The Largest Gains (October 2023 compared to October 2022) are sales price and inventory: Median Sales Price at $600,000 (13.2%) ($525,000 in 2022). Average Sales Price $672,778 (+4%) ($646,940 in 2022). Inventory of Homes at 203 Units (+15.3%). Months Supply 6.1 (+41.9%)

“As home prices are up over 46% since the pandemic, buyer comfort price level for homes under $500,000 (due to higher monthly mortgage payments knocking buyers to a lower home price) are not even close to such an inventory supply. True, inventory is at a year high, just not in the price range (or reach) of many buyers. Several homes priced in the “comfort buyer price level” are not meeting the buyer expectations as they may be a further distance from town and not quite the buyer’s desired neighborhood location. Additionally, most homes in comfort level pricing need maintenance, repairs, or updates. These projects can be costly and overwhelming to a buyer in a rural area seeking a first, second, or retirement home. Even with an abundance of price reductions, sellers and buyers in all price points are challenged with changes in the real estate market to meet their desires and needs. With new interest rates, making average monthly mortgage payments higher and pushing the second home and short-term rental buyer off the sidelines. The Pagosa Springs home buyer reality is almost 60% of homes are priced well over $600,000.  Higher end sellers (priced above $900,000) are faced with serious competition for buyers, as about 40% of the home inventory is priced above $900,000 with sales tracking Year-To-Date down over 6%.

“Cash buyers may have a little negotiating leverage with sellers, as less buyers are previewing homes. Relative to higher interest rates, with less buyers -some home prices will continue to decelerate for sellers desiring to sell within the average days on market, the onset of winter home showing demands, and before the new year. Price adjustments are not of abundance in the “comfort price point”, as the main inventory exists in the higher price points. Winter season has historically offered buyers in higher price points discounted pricing- and perhaps their best time to buy!

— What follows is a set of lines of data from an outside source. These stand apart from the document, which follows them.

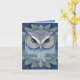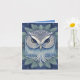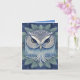 This whimsical fantasy forest owl is depicted as a magical and mystical creature, with it's piercing yellow eyes and unique feather pattern. It is set on a background of winter foliage and enchanting, sparkling stars amongst the night sky.
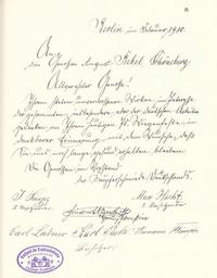 | Keywords: Goldenes Buch zum 70. Geburtstag August Bebel 1910 Seite 083.jpg Goldenes Buch zum 70 Geburtstag August Bebel 1910 Seite_ jpg 082 084 Glückwunschschreiben zum 70 Geburtstag von August Bebel Central-Vorstand des Verbandes der Kupferschmiede Deutschlands August Bebel zum siebzigsten Geburtstag 22 Februar 1910 / mit einer Nachbemerkung von Ursula Herrmann Reprint des Unikats aus dem Zentralen Parteiarchiv der SED Dietz Verlag Berlin 1989 Lizenzausgabe Saur 1989 ISBN 3-598-07256-2 self scanned from own book 1910 Diverse PD-old-70-1923 Goldenes Buch zum 70 Geburtstag August Bebel 1910 |
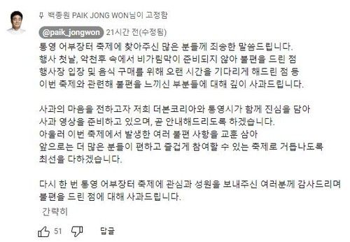 백종원 대표는 지난해 제1회 통영어부장터 행사 이후 축제를 찾아 준 많은 분에게 불편을 끼쳤다며 자신의 유튜브 채널에 올린 축제 홍보영상에 댓글을 다는 형태로 사과했다.
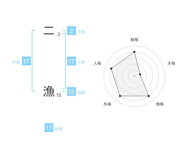 二 漁さんの総格は17画の4点!
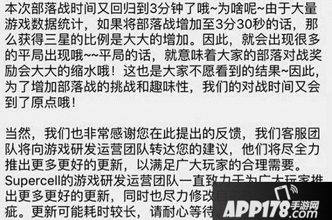 大家期待的部落冲突三月的大更新已经过去,此次带来的多项更新改进也是令人欣喜。例如新兵种巨石投手的带来,技能效果确实不错。不过在这更新调整中,也有些变化也是让人费解,比如部落战时间,从三分半钟再次调整为三分钟。这样打三星的机会就更少了,有玩家就这个问题问了官方,来看看官方是怎么回复的吧~
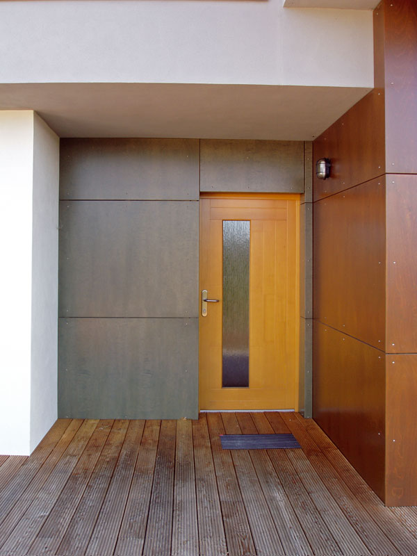 | Hlavný vstup do domu je situovaný približne uprostred dispozície, kolmo na os domu. | Presah striech a terás chráni interiér pred prehriatím – najmä na južnej strane domu. |
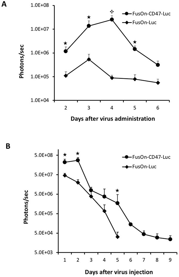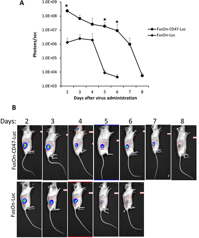 Figure 4: Comparison of FusOn-CD47-Luc and FusOn-Luc delivery by the systemic route in CT26 tumor model. Tumor was established at the right flank of Balb/c mice by subcutaneous implantation of CT26 cells. Once tumor reached the approximate size of 8 mm in diameter, 2 × 106 pfu of either FusOn-CD47-Luc or FusOn-Luc was given systemically. Animals were imaged daily starting on day 2 for luciferase expression. (A) Mean photon reading from daily IVIS imaging measurement. ★p < 0.01 as compared to FusOn-Luc. (B) A typical mouse from each group showing the actual imaging.
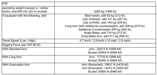 BobCat E35 – EXCAVATOR SPECIFICATIONS – Performance
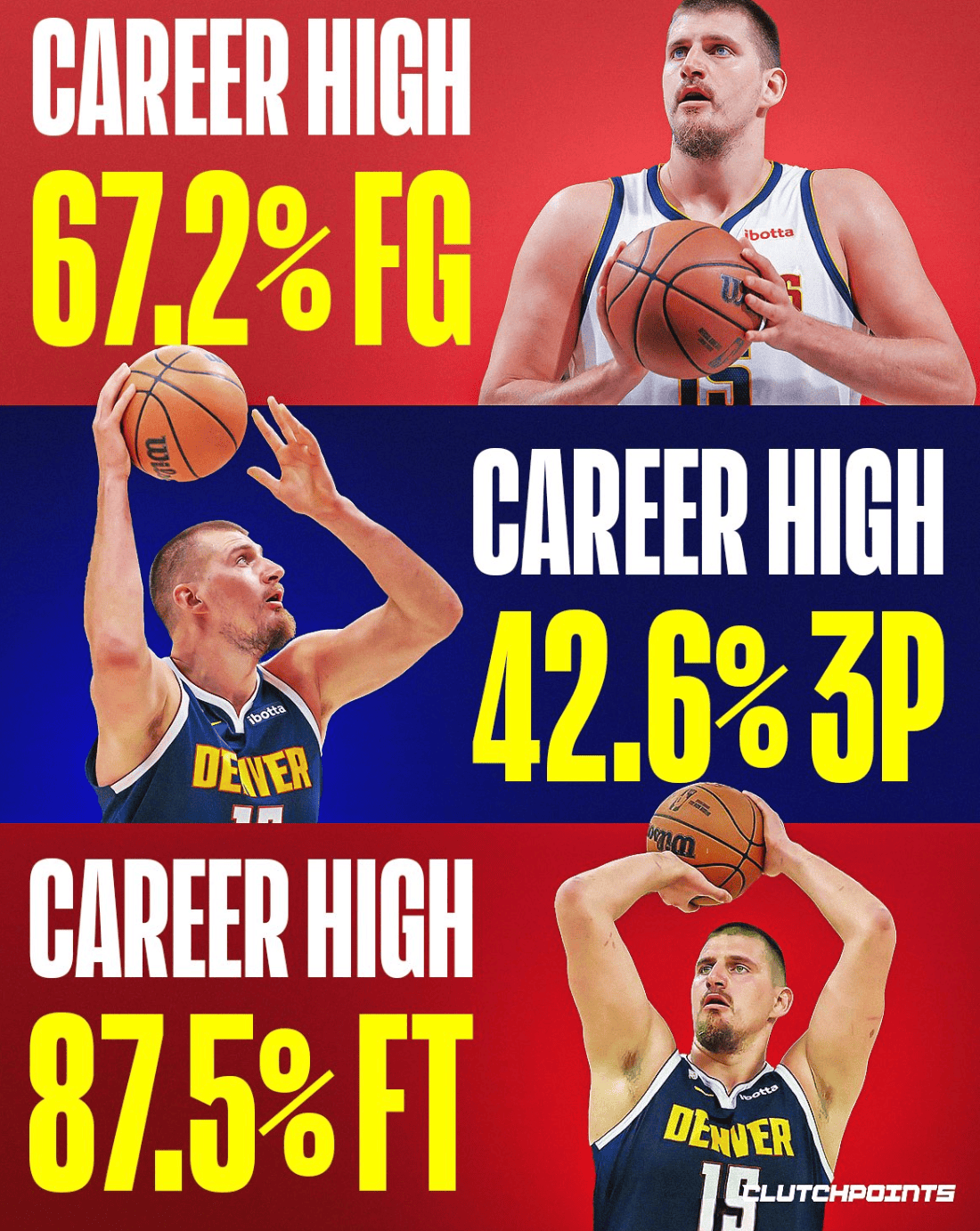 美媒:约基奇至今投篮、三分和罚球命中率都创生涯新高

“Vacant land is also tracking the same as home sales. Higher inventory volume at higher prices. Land buyers are purchasing with the intent not to build right away. Historically, winter does not bring on inventory due to snow. We shall see how long Mother Nature will run this winter. Last year was an epic snowfall and ski season. Weather predictions appear the same for the 2024 season! Change is alive in the southwest Colorado real estate market,” said Pagosa Springs-area REALTOR® Wen Saunders.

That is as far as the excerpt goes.